WHAT IS CLEFT? > Effects of cleft 

Consequences of cleft lip and palate

Clefts in the area of the lip, palate and upper jaw have severe functional and social consequences for the affected person, as several vital and social-communicative functions converge in this sensitive part of the head.

In case of a cleft palate, an open connection of the mouth to the nasal cavity is the result and considerable or even life-threatening problems with suckling, drinking and swallowing can arise. Even after the closure of the cleft palate, muscles in the area of the throat can remain flaccid. The process of swallowing does not create a sufficient pressure equalisation to the middle ear. The effects are comparable to sitting in a plane during take-off and not being able to swallow to compensate for the change in pressure.

This lack of negative pressure can additionally restrict the ventilation of the middle ear, potentially leading to a chronic infection of the middle ear. The children suffer under a constant feeling of pressure in their ears and are often affected by earaches. On top of all this, the accumulation of liquid in the middle ear leads to the children hearing at a level of between 20 to 30 decibels below normal, which in turn leads to problems with learning to talk.
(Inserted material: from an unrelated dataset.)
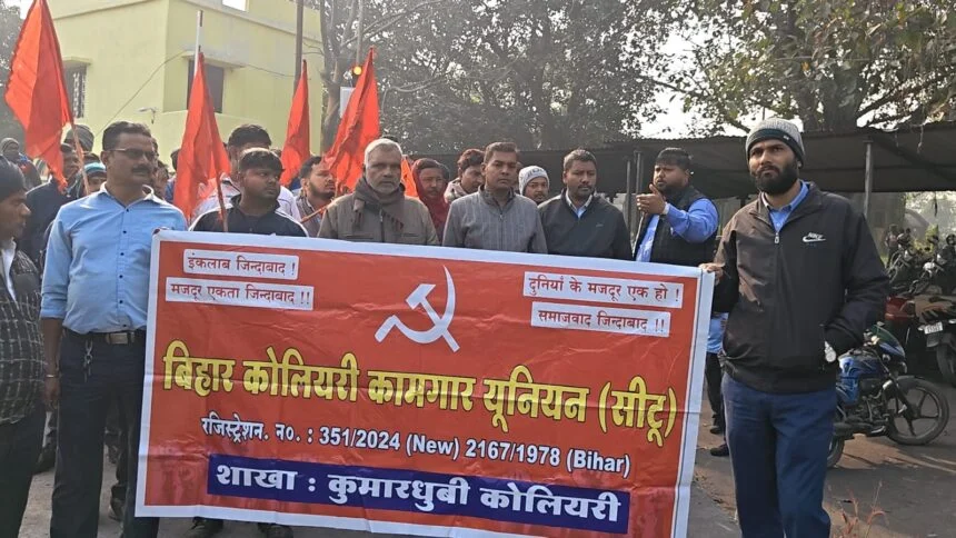 केन्द्र की मोदी सरकार द्वारा ५५ श्रम कानूनों को समाप्त कर चार लेबर कोड बनाये जाने के विरोध में विहार कोलियरी कामगार यूनियन द्वारा मुगमा क्षेत्र की सभी कोलियरियों में विरोध प्रदर्शन किया गया। क्षेत्रीय अध्यक्ष आगम राम ने कहा कि देशी-विदेशी के पूँजीपतियों तथा कॉरपोरेट घराना के इशारे पर केन्द्र सरकार में मजदूरों के अधिकारों को समाप्त कर दिया है। यह मज़दूरों को बंधुत्व मजदूर बनाने की साजिश है। हमारे पूर्ववर्ती मजदूरों ने काफी संघर्ष और कुर्बानी देकर मजदूरों के सुरक्षा कवच के रूप में आजादी के पहले और बाद में कीमत पर समाप्त नहीं होने दो कानून बनवाया था, उसको हम किसी भी कीमत पर समाप्त होने नहीं देंगे। जिस तरह किसानों ने चार कृषि कानून को ऐतिहासिक लड़ाई लड़कर रद्द करवाया इस तरह मजदूर भी लड़कर लेबर कोड को रद्दी की टोकरी में डलवाएंगे I विभिन्न कोलियरियों में हुए आन्दोलन का नेतृत्व आगम राम रामजी यादव, आमीत मुखजी भागन बाउरी मो० अख्तर, दिलीप सिंह वापी गोप, विनय सिंह कमल बावरी, दीपक सिंह, लालू ओझा, खोखन दास, संजय सिंह शुभम विश्वकर्मा, रामानन्द राजभर, सनोज चौहान, तारकनाथ सहिदास, हरेन्द्र शमी, उपेन्द्र महतो, काजल गोराई, देवेन्द्र मिश्रा, हरे राम इत्यादि ने किया।

The dysfunctionality of the mouth and jaw area further prevent them from correctly articulating sounds and words. Additionally, psychosocial consequences for the child can be considerable if it is subjected to teasing and humiliation by peers as a result of the deformation, or if it is forced to grow up in isolation, as without help some families see no other recourse than attempting to hide their cleft child from the community.